Глава четвертаяПоединок
Летом 1909 года Гумилев попытался издавать поэтический альманах взамен прекратившего свое существование «Сирина». Идея этого проекта принадлежала Толстому, который предложил название — «Речь», но Гумилеву больше понравилось «Остров». Редакция располагалась в Петербурге, в доме номер 15 на Глазовской улице, где жил Толстой, называвший себя первым «островитянином».
«Один инженер, любитель стихов, дал нам 200 рублей на издание. Бакст нарисовал обложку. Первый номер разошелся в количестве тридцати экземпляров. Второй — не хватило денег выкупить из типографии. Гумилев держался мужественно».

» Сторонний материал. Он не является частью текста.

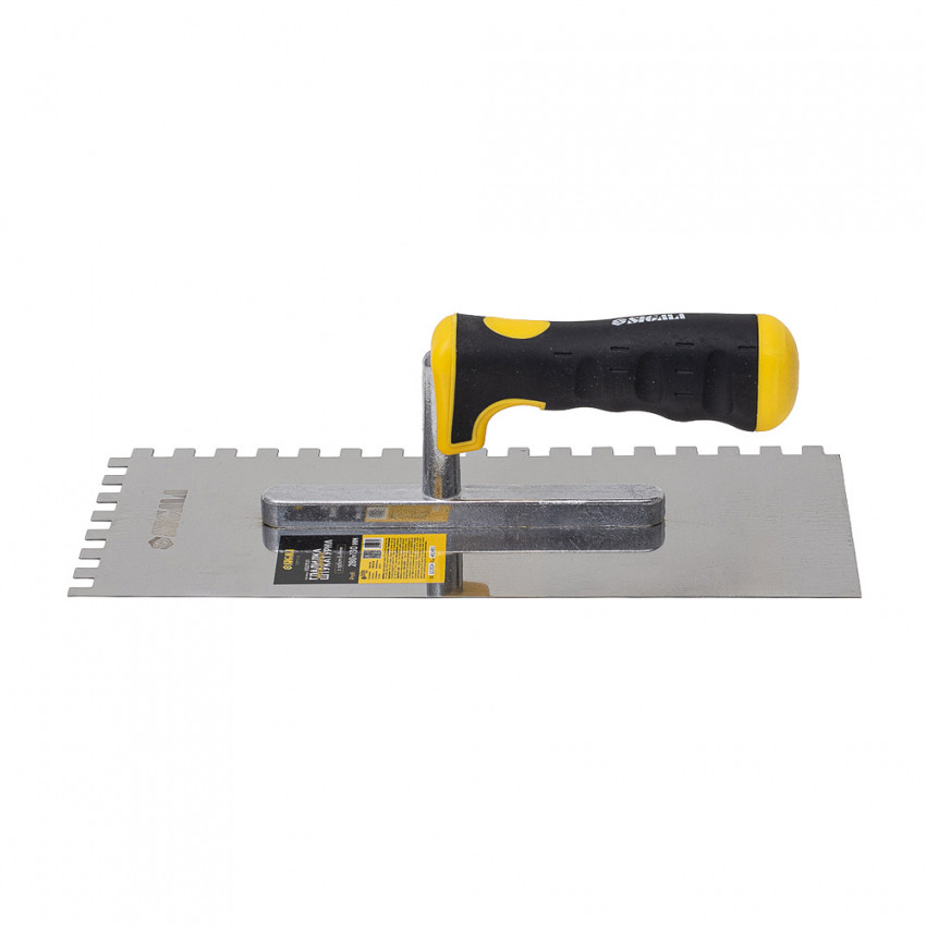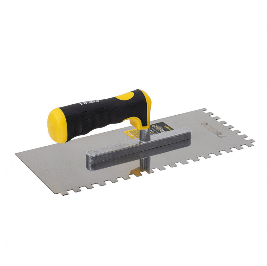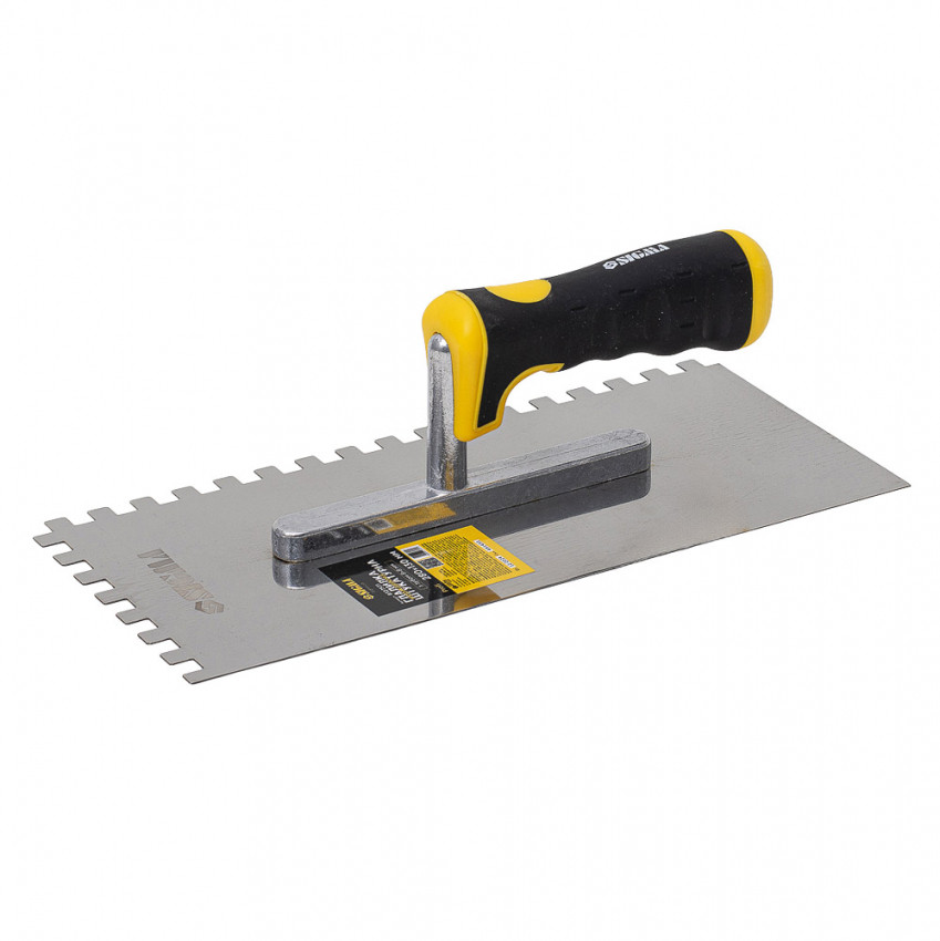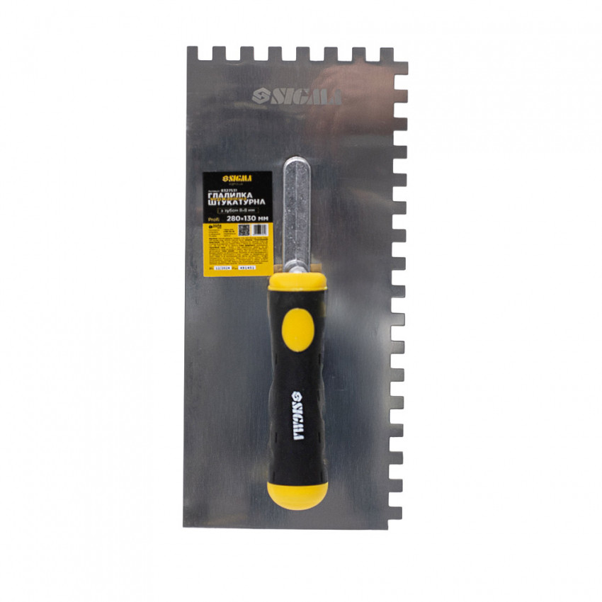 Гладилка нержавіюча штукатурна з зубом Profi 280мм×130мм 8×8мм Sigma (8327531) призначена для розгладження відштукатуреної поверхні, а також для рівномірного нанесення клейового кладці плитки та вирівнювання стін за рахунок використання різних розмірів зубця.

Несмотря на неудачу с «Островом», идею издавать или участвовать в издании поэтического журнала Гумилев не оставил, и когда осенью 1909 года на литературном горизонте появился журнал «Аполлон», главным редактором которого стал поэт, литературный критик, устроитель художественных выставок Сергей Маковский, Гумилев сыграл в нем очень большую роль. Толстой тогда еще находился в гумилевской орбите, вместе с ним «обсуждал планы завоевания русской литературы» и в «Аполлоне» был своим человеком. «Аполлон», первый номер которого вышел в конце октября и открытие журнала шумно отмечалось петербургской литературной элитой сначала в редакции, а затем в ресторане Кюба «Pirato» (немецкий поэт Иоганнес фон Гюнтер, приветствовавший журнал от имени европейских поэтов, позднее писал: «Очнулся я на минуту в маленькой комнате, где пили кофе, моя голова доверчиво лежала на плече у Алексея Толстого, который, слегка окостенев, собирался умываться из бутылки с бенедиктином»), был журналом, призванным встать над групповыми пристрастиями и объединить русских поэтов; в нем печатались стихи, критические статьи, манифесты, программы, именно в нем Кузмин опубликовал статью «О прекрасной ясности», с которой начался акмеизм. Но было в его истории и печальное — столкновение различных интересов и лиц, ускорившее, по мнению Ахматовой, смерть Анненского, и наш молодой тогда еще герой оказался косвенно причастен к этому сюжету.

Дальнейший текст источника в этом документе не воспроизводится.